Vehicle Prototype Optimization Engine for Rapid R&D
Rapid RPA’s Vehicle Prototype Testing Assistant accelerates the process of integrating insights from in-field vehicle tests into the R&D phase. By analyzing lessons learned from previous tests on similar models, the assistant reduces the time spent on physical prototypes while improving overall efficiency. With advanced AI and data integration, engineers can streamline issue detection and feedback processes during prototype development.
This assistant interprets driver feedback and sensor data to highlight performance issues during prototype testing. By bringing together product lifecycle data, parts lists, and IoT device data, it provides engineers with a comprehensive view of each test case.

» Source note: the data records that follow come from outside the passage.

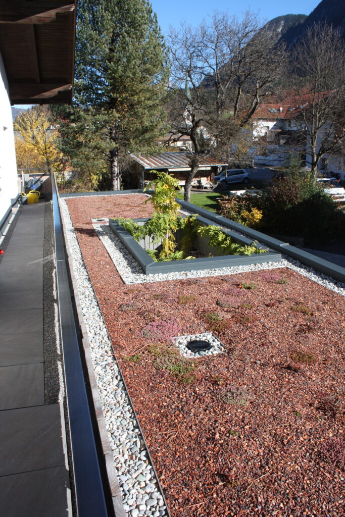 Das Flachdach wird als extensives Gründach ausgeführt und dient gleichzeitig als Dachgarten mit Dachterrasse. Dieser Freibereich steht den Bewohnern der Obergeschosswohnung als zusätzlicher Aufenthaltsraum im Freien zur Verfügung.
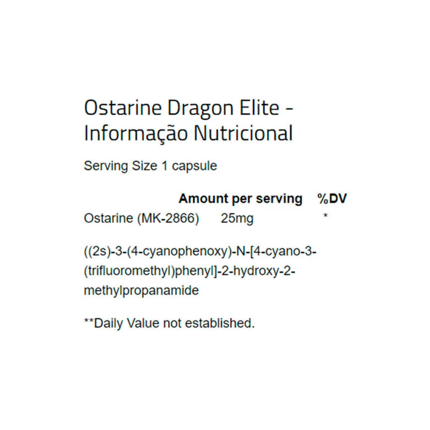 Ostarine.OUTROS INGEDIENTES: Farinha de Arroz, Estearato de Magnésio, Gelatina.
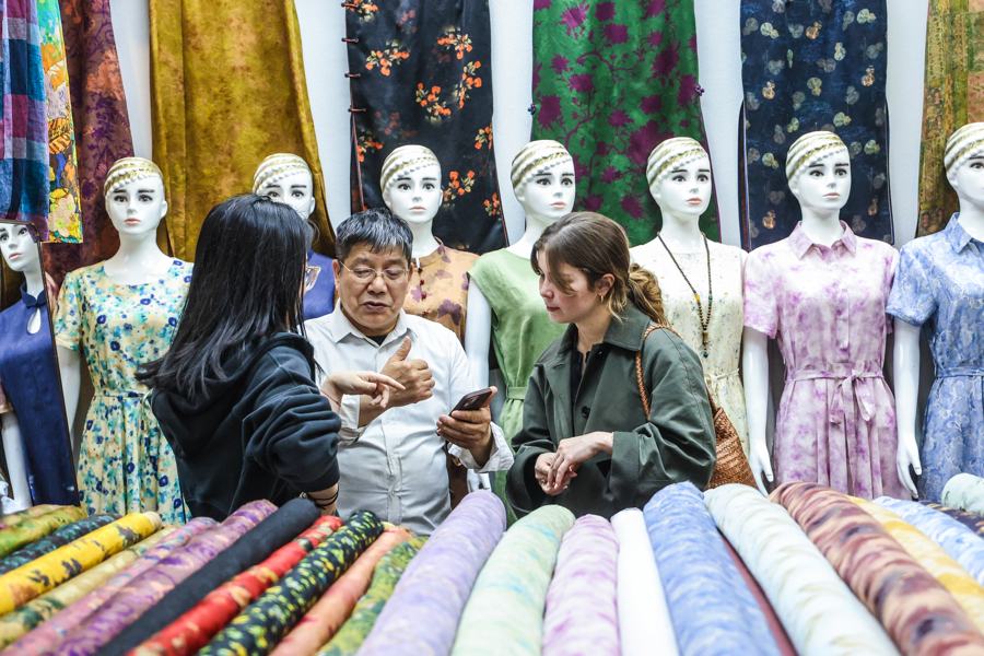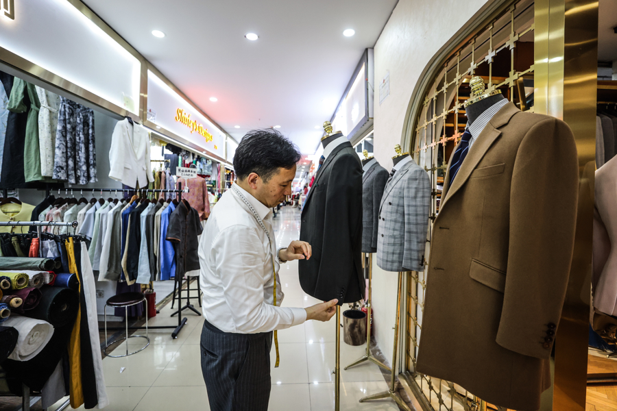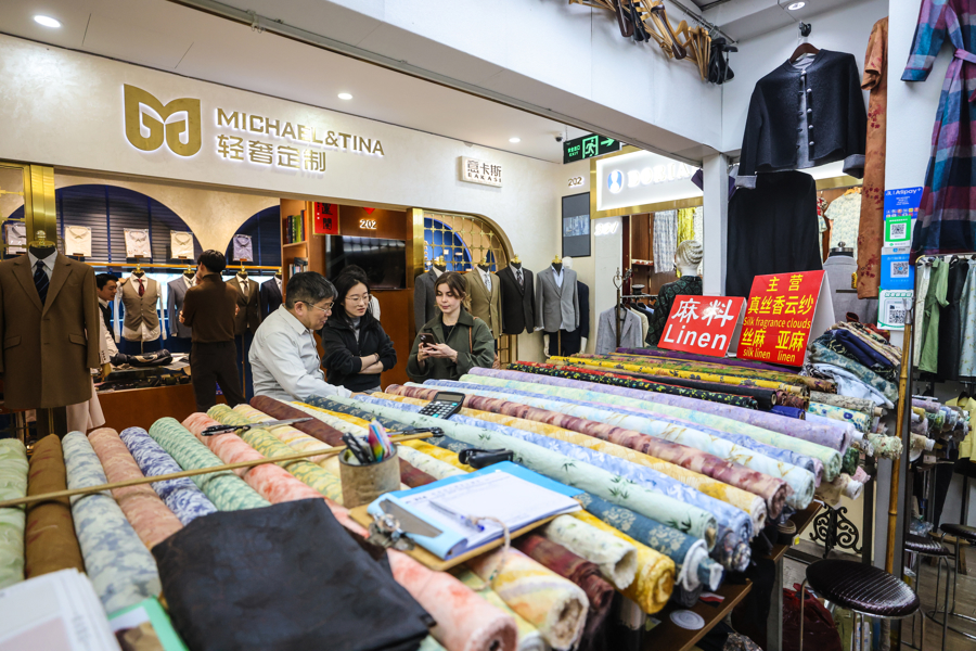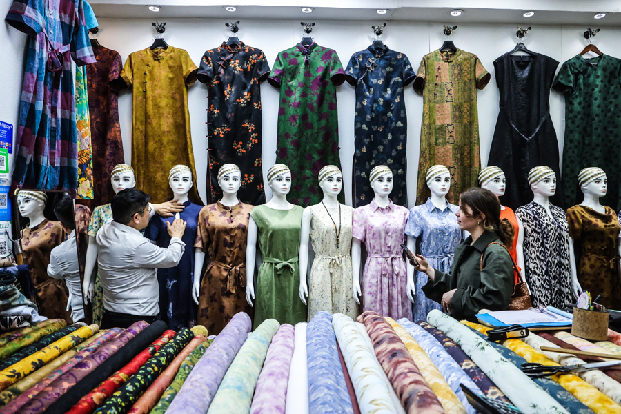 市场汇聚了约285家店铺,以“前店后厂”模式提供从面料甄选到西装、旗袍、礼服、日常穿搭的一站式定制服务,部分商铺也售卖成衣,品类十分齐全。顾客可沉浸式参与选料、设计全流程。而免签政策的落地与邮政服务的入驻,更让这里成为外国游客的热门打卡地,支持成衣直寄全球170多个国家和地区。

The assistant not only identifies problems but also ranks them by severity, allowing for faster decision-making and fewer iterations of physical prototypes.
Key Features:
Driver Feedback Parsing: Transform spoken or written feedback from test drivers into structured data, identifying issues for further investigation.

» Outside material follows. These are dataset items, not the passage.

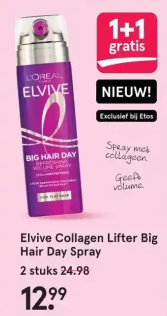 Ontdek de nieuwste toevoeging aan de Elvive lijn van L'ORÉAL PARIS: de Collagen Lifter Big Hair Day Spray. Speciaal ontwikkeld voor dun en plat haar, deze spray met collageen geeft je haar een volume boost en zorgt voor een verfrissende look. Exclusief verkrijgbaar bij Etos, profiteer nu van de 1+1 gratis actie en ontvang 2 stuks voor slechts 12.99. Met de Collagen Lifter Big Hair Day Spray creëer je eenvoudig een volumineuze coupe die de hele dag blijft zitten. Geef je haar de verzorging die het verdient en geniet van prachtig volumineus haar met de Elvive Collagen Lifter Big Hair Day Spray.
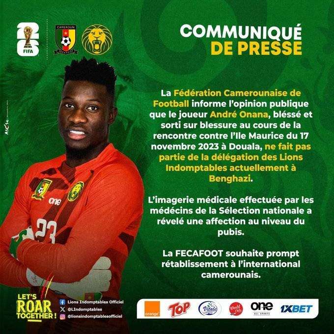 喀麦隆官方:曼联门将奥纳纳因伤退出国家队
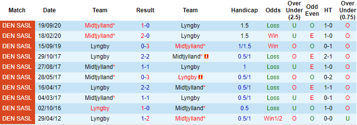 + Lịch sử đối đầu Lyngby vs Midtjylland
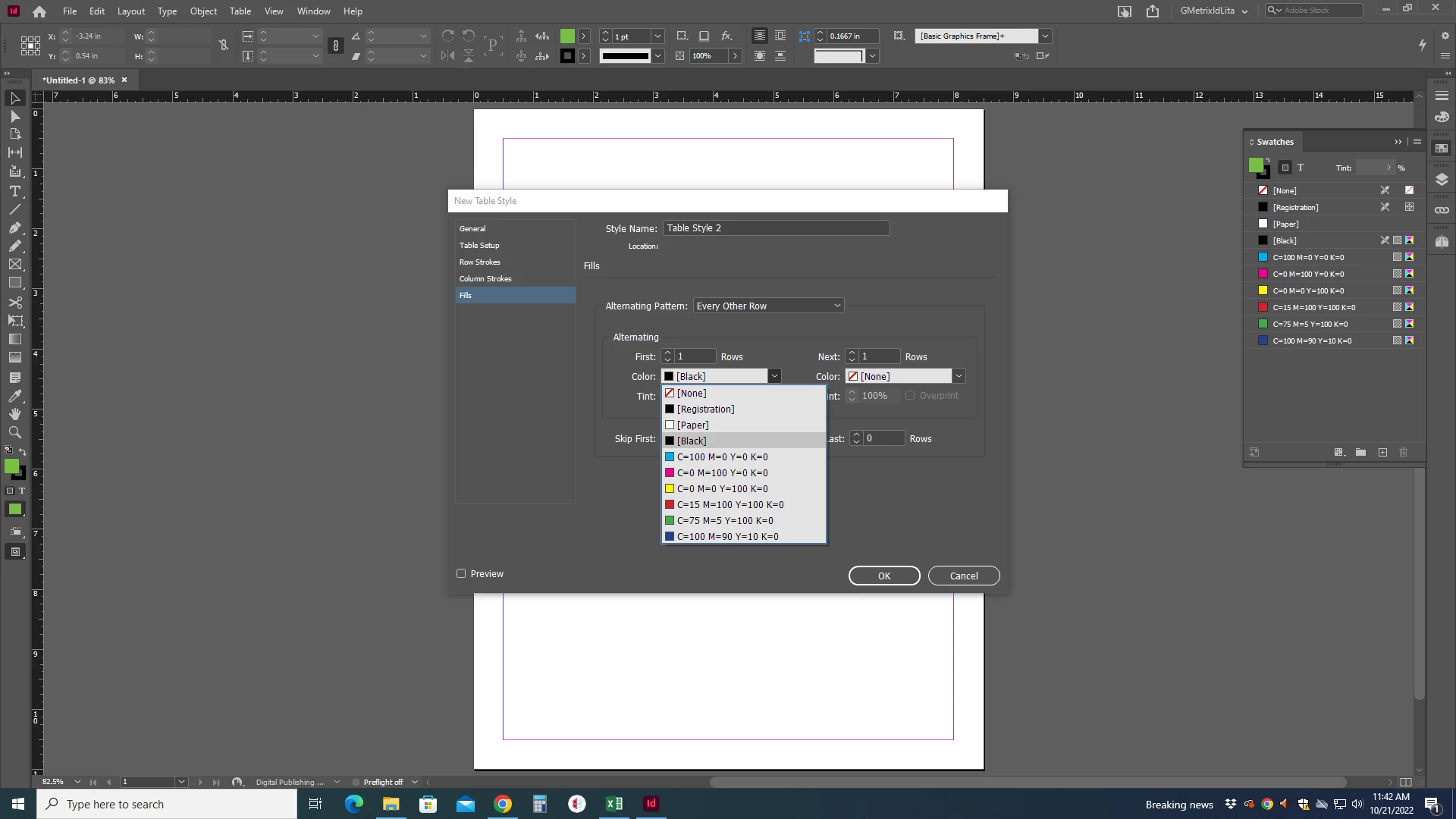 How can I change from RGB to CMYK colors for alternating row fill colors in a table? Using Window/Color does not work.
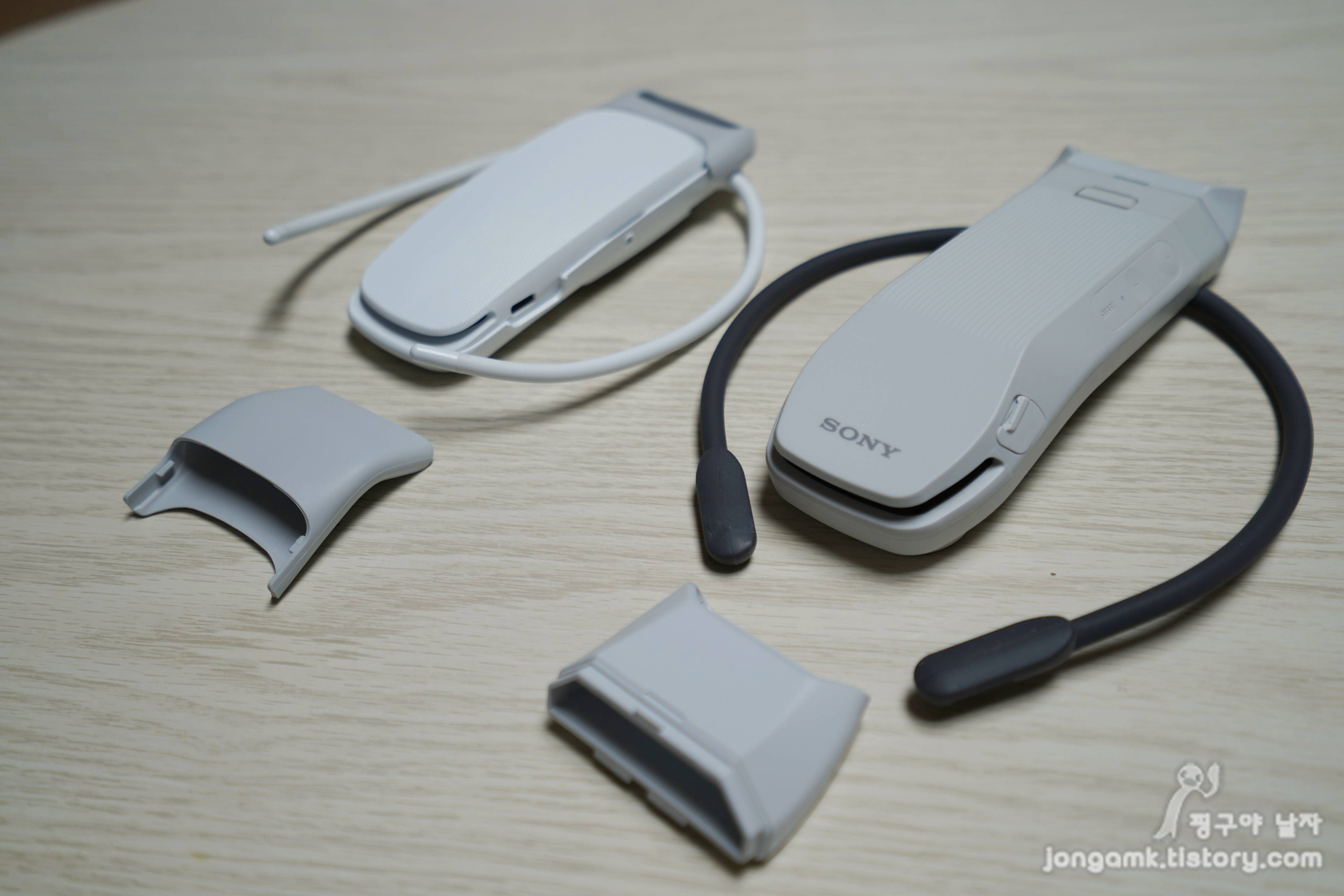 먼저 소니 휴대용 에어컨으로 부르고 싶은 웨어러블 온도조절기 레오 포켓 프로의 구성품은 본체와 충전케이블 그리고 리모컨과 통기구 2개 그리고 사용설명서 등이 있습니다. 넥밴드는 부드러운 실리콘 고무로 마감해 유연한 착용이 가능하고 2개의 써모모듈을 탑재해 레오 포켓5보다 2배 더 넓은 냉방면적을 갖고 있습니다.
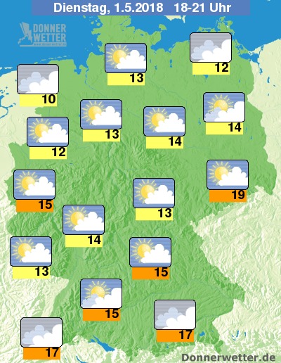 Heute Abend halten sich über dem Süden Deutschlands sowie an den Küsten meist dichte Wolken, dabei bleibt es aber weitgehend trocken. Im übrigen Bundesgebiet ist es verbreitet heiter oder wechselnd bewölkt, dabei bleibt es trocken. Die Temperatur liegt bei 10 Grad in Emden und etwa 19 Grad in Dresden.
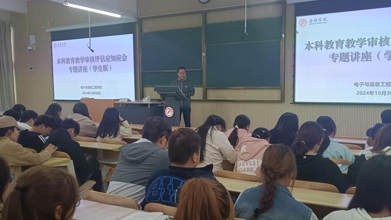 首先,宋权华副院长向同学们详细介绍了本科教育教学审核评估的重要意义、评估指标体系、学校的办学定位和特色等内容;介绍了我校的基本情况;对审核评估期间学风建设,提出了具体的要求。

AI-Suggested Issue Detection: Automatically prioritize performance problems by sifting through unstructured feedback, highlighting the most critical issues.
Sensor Data Integration: Link real-time sensor data with test findings to provide a holistic view of the vehicle's performance, helping engineers focus on the most pressing areas.
By applying insights from prior models and real-time sensor data, our assistant enhances the R&D process, cutting down the time and resources needed for physical testing.